More Economic Sanctions by Non-Democracies: New Tests with New Data on the Use, Effects, and Removal of China and Russia’s Sanctions

Verónica Fraile del Álamo1, Victor Ferguson2

1Australian National University, Australia, 2University of Tokyo, Japan

Biography:

Verónica Fraile del Álamo is a PhD Candidate in the Australian National University's School of Politics and International Relations. She holds a Double Masters degree in Asian and International Affairs from King's College London and Renmin University, and Bachelor of Commerce (Finance) and Bachelor of International Relations degrees from the Australian National University.

Abstract:

Do authoritarian states sanction differently to democratic ones and if so how? The rise of China and Russia as prominent sanctioning states over the past decade has recently captured the attention of scholars of economic sanctions. Existing hypotheses about the use of sanctions overwhelmingly derive from research on democratic states.
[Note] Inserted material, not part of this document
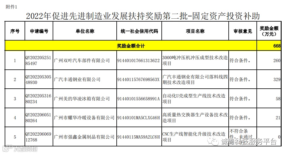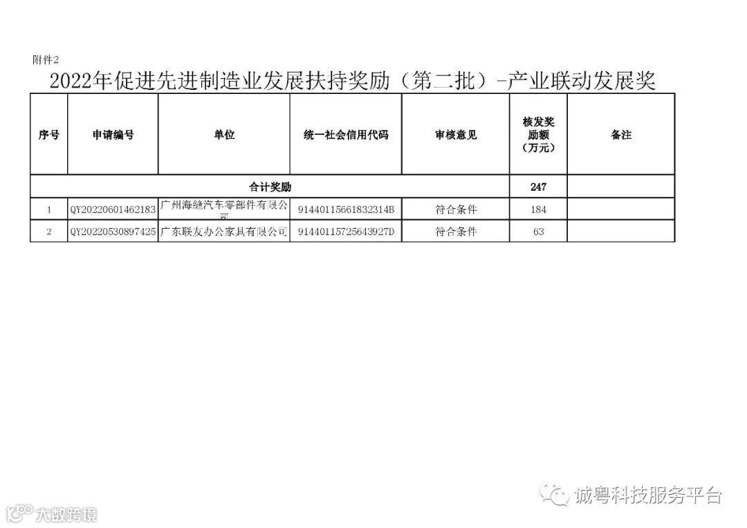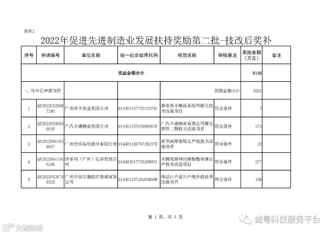 根据《广州南沙新区(自贸片区)促进先进制造业与建筑业发展扶持办法实施细则(2020年修订稿)》有关规定,经企业申报、部门核查、评审小组审定等程序,现对2022年促进先进制造业发展扶持奖励(第二批)拟兑现名单予以公示,公示期为11月15日—11月21日(5个工作日)。本批次共涉及以下事项:

While there is a nascent push to probe the utility of those hypotheses in explaining non-democratic sanctioning (Whang and Paik 2023), it faces significant data challenges arising from the fact that China and Russia rely more heavily on (unannounced and typically denied) informal sanctions than formal ones. Recent breakthroughs in data collection on single sender states offer limited leverage for comparison. Synthesizing new data on China and Russia’s respective sanctioning (Zhang and Shanks 2024; Ferguson 2024), we present a new dataset with more than 80 new cases not found in any of the major sanction databases, coded to facilitate comparisons between China, Russia, and other major sanctioners like the United States and European Union. We leverage that data to examine systematic differences in sanctioning behaviour between democratic and non-democratic states, focusing on variations in sanctions instruments, objectives, and implementation strategies. In doing so, we offer new insights into the dynamics and outcomes of sanctions by non-democratic states, extending emerging research streams on how political institutions shape sanctions use, how (in)formality conditions sanctioning outcomes, and the conditions under which sanctions are terminated.